Wahid and others mark the anniversary of his death
every year. "We always tell this message: This is the
real case of martyrdom. That's the way to defend
religion, not by killing others but by defending
others' rights to practice their religion."

As uplifting as her story is, Ms. Wahid cannot speak
to Indonesians with the same authority as her father,
whose power to influence public opinion derives in
part from his credentials as an Islamic scholar.
However, Abdurrahman Wahid is 65, blind and frail. The
NU organization where he remains a towering figure may
have 40 million members, but there are power struggles
under way inside the group, and no guarantee that its
future leaders will be as wise and outspoken as he has
been.

Ms. Wahid is doing what she can to help a new
generation follow in her father's footsteps, through
the Wahid Foundation. It involves "trying to . . .
identify these young leaders, young clerics with
same-minded beliefs, and connect them with one another
and provide them with something, a house, so that they
can come out and speak. An army of able, dedicated
young men who can talk in a unified message of
tolerant and peaceful Islam."

That's an ambitious project, and Ms. Wahid says
Indonesia cannot prepare for the future without help.
It needs foreign investors "willing to take the risk,"
and more contact with the West on every level --
including contact as rudimentary as instruction in
English that will enable people to pull themselves out
of poverty. The Wahid Foundation, for instance, has a
program that tries to arrange micro-loans in rural
communities.

She's not surprised when I point out that calling for
foreign investment in a country with Indonesia's
financial reputation is a tall order. "This is a
difficult period for us," she admits, "but this is a
win-win situation for all. We have all these
resources, we have a population of 220 million, a big
market. As for rule of law . . . we're trying to
simplify the bureaucracy, the red tape and there have
been many corruption cases brought to court. The
wheels of justice are starting."

Given the threat posed by Islamic fundamentalism,
ignoring Indonesia could quickly become a lose-lose
situation. If for no other reason, she says, "the
world has an interest in making Indonesia a stable
country politically and economically so that people do
not entertain this idea that an Islamic state is a
solution to their problems. When people are hungry,
when people are poor, they can do drastic things."
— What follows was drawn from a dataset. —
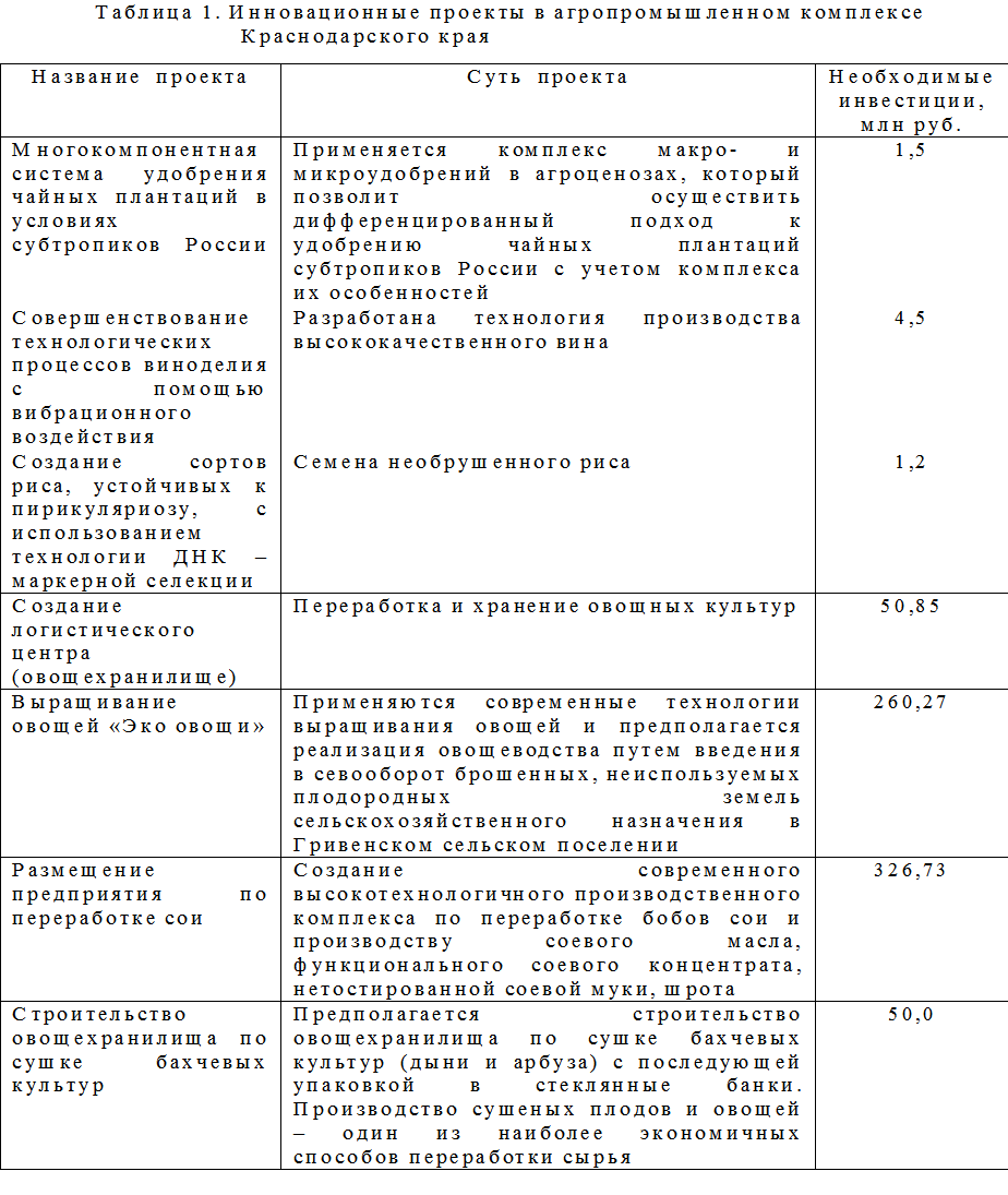 Результаты научных разработок через систему информационно-консультационной службы, публикацию методических рекомендаций и проведение конференций и семинаров-совещаний  внедряются в сельскохозяйственное производство края, способствуя инновационному развитию агропромышленного комплекса Краснодарского края. Так,  в 2016 г. из средств краевого бюджета было выделено 28 млн руб. для финансирования научных конкурсов, общая сумма составила 56 млн руб. На инвестиционном портале Краснодарского края представлены более 30 инновационных проектов агропромышленного комплекса, для реализации которых необходимы инвестиции (табл. 1).

One could argue that by openly resisting the ideology
of Islamic extremists, Ms. Wahid herself is taking a
drastic step, albeit one born of courage, not
desperation. When I asked her where she got the
strength to speak the truth at a time when many prefer
to remain silent, she beamed and said: "This is the
real thing that defines people of faith. I have faith
in God. That's enough for my father, and enough for
myself."

Ms. Smith is a member of the Journal's editorial board.